You Can’t Just Say “Smaller is Better,” You Have to Prove It

This case study is based on conversations with Pat Friel and Liza Wright, Managing Partners with Lochlin Partners, a boutique retained executive search consultancy.

1. Big is Great. Until It’s Not

After decades with the big four global executive search firms, Pat Friel and Liza Wright knew what they enjoyed—and didn’t enjoy—about working in large organizations. Eventually their experiences led them on paths that converged at Lochlin Partners where they joined Mike Kirkman to grow a best of breed retained search firm that emphasized a personal, high touch, customized approach.

“There’s nothing inherently wrong with the big firm model of setting top down annual revenue objectives and then giving all the partners sales targets,” said Pat Friel. “But eventually the client suffers because the pressure on partners to chase new deals ends up taking precedence over servicing existing searches.”

2. We’re Used to Selling on Size

Lochlin leveraged its partners’ relationships, built over decades in the market, to win deals against the global firm based on personal trust: decision-makers had prior experience with the partners and knew they’d get the job done right.

But in trying to scale beyond the audience that already knew them, Lochlin found itself trying to look and sound like the big firms, who were their primary competitors.

“The global firms had their long list of huge Fortune 1000 clients and giant candidate databases,” said Liza Wright. “Our muscle memory was telling us to try to sell by sounding big, when that’s not the identity we wanted.

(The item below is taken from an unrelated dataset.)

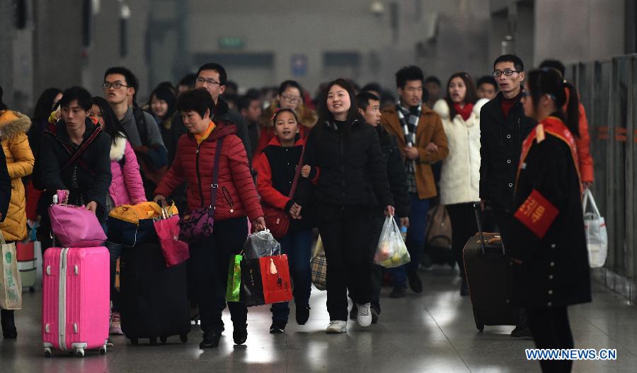 Passengers prepare to get on trains at Wuchang Railway Station in Wuhan, capital of central China's Hubei Province, Feb. 16, 2015. A travel rush came to its peak as passengers were hurry for home reunion during the Spring Festival or Chinese Lunar New Year, which falls on Feb. 19 this year. (Xinhua/Cheng Min)

So while we won our share of deals against the big guys, it was still based on existing relationships, not a consistent brand.”

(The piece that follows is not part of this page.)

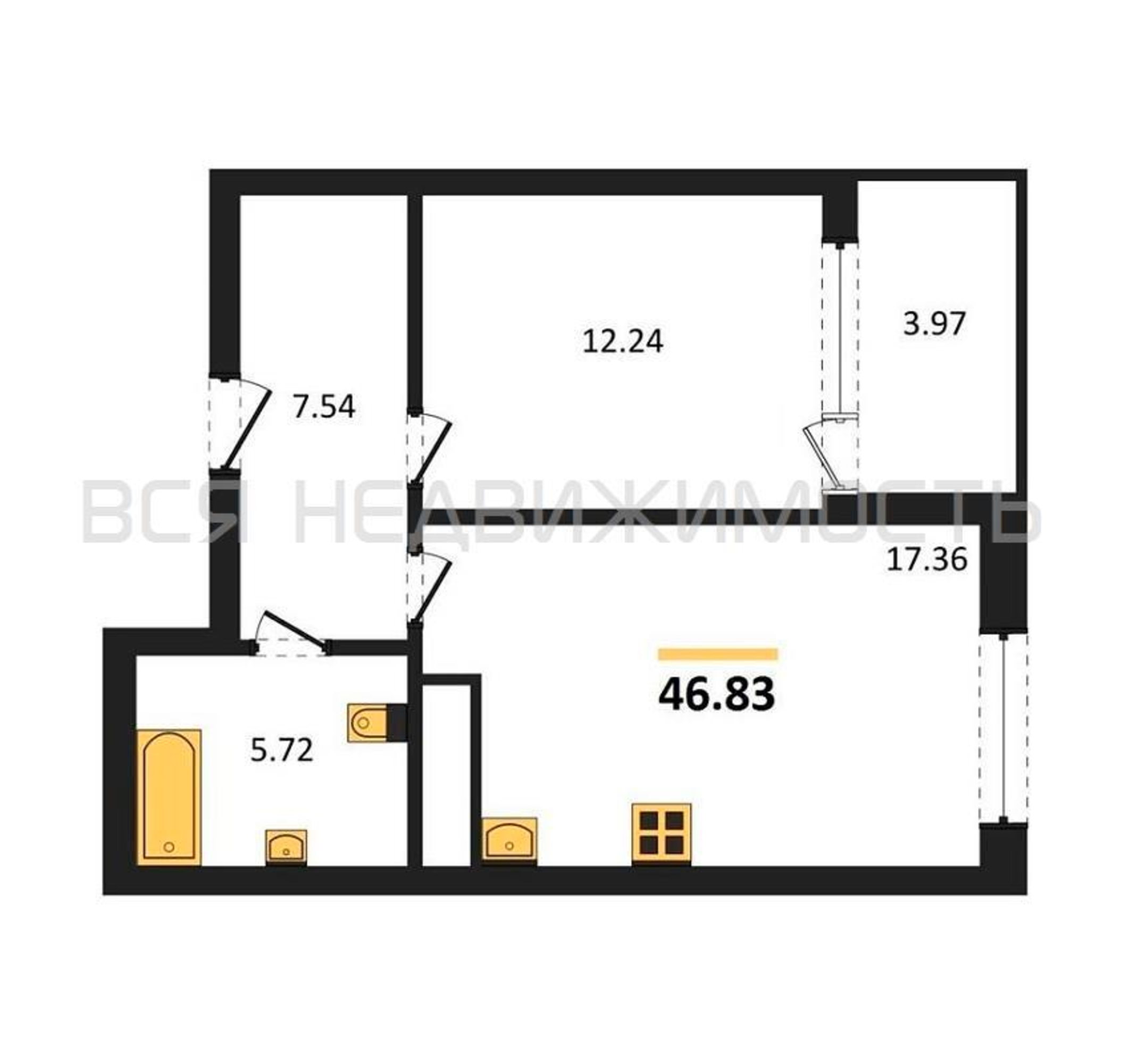 1-комнатная квартира, 46.83 м² 2/4 этаж ID объекта 100113016

3. What Would the Customer Think? (WWTCT)

“Lochlin Partners had a challenge that’s very common for smaller, service-oriented firms,” said Bob London who was engaged by Lochlin to help the firm clarity its true identity and value proposition. “They had to define their brand in a way that was true to their core principles while also compelling and relevant to their target audience. It’s not enough to say ‘personalized, service oriented or customized because so many search firms say that.”

Rather than speculating on what clients thought was important and valuable when working with search firms, Lochlin agreed that London should first interview a handful of decision-makers to get their perspective.

“Bob asked them a number of probing questions we wouldn’t have thought to ask,” said Pat Friel. “Like ‘What annoys you most about working with search firms?’ What’s the best and worst experience you’ve had on a search?’ and ‘How can you predict how much attention your search will receive before you choose the firm?’”

4. How Do Clients Define the Value of “Personalized?”

“We discovered a litany of client concerns about working with global search firms,” said London. “They feel search firms don’t proactively communicate where things stand on a given search, aren’t interested in how things went after the ‘sale’ and only stay in touch if they need something, for example if they’re sourcing a candidate.”

“We tapped into this rich vein of insights,” said Liza Wright.  “Then the trick was to make them actionable.”

“Bob’s recommendation was to leverage something we always considered verboten: the number of searches each of our partners handles at any given time,” said Friel.

“Everything you hear clients complain about comes down to how much time partners spend on each individual search,” said London.  “It turns out that comparing Lochlin to the big four on ‘active searches per partner’ was very favorable to Lochlin—the big firms simply couldn’t match it due to their size. This metric was also of great interest to clients. It was a tangible indicator during the pitch process of the level of service the client could expect.”

5. A New and More Relevant Way to Frame Prospect Conversations

Now, instead of trying to compete on the size of their client and candidate lists or talking about ‘personalized’ searches (which, to clients, just blended into the background noise) Lochlin could frame the dialogue with prospects around its strengths. And how those strengths deliver tangible value to the prospect.

“Bob created a Lochlin Partners ‘client manifesto.’ At its core was the fact that we cap the number of active searches our partners handle at any given time,” said Wright. “The other elements in the manifesto were tangible benefits that leveraged that core, quantifiable promise: our clients get more partner time than they would at a large firm.”

6. “Road Testing” the New Positioning

“As it happened, the day after Bob presented the new positioning strategy, which we loved, Liza and I had two client pitches,” said Friel.  “In the Lochlin spirit of being entrepreneurial and nimble, we asked Bob to distill his presentation into a few talking points for us to use.”

“I was thrilled not only that Lochlin liked the direction but that they embraced it basically in real time,” said London.  “I found out just days after providing them with the talking points that they won the deal.”

While companies won’t always see such rapid ROI from developing a new positioning and messaging strategy derived from customer feedback, here’s proof that the process works—sometimes almost immediately.

“As a footnote,” said Wright, “we beat the search consultant considered to be the 800 pound gorilla in that particular space.  The cherry on top was that when the prospect gave us the good news, they actually echoed specific aspects of our brand new strategy.”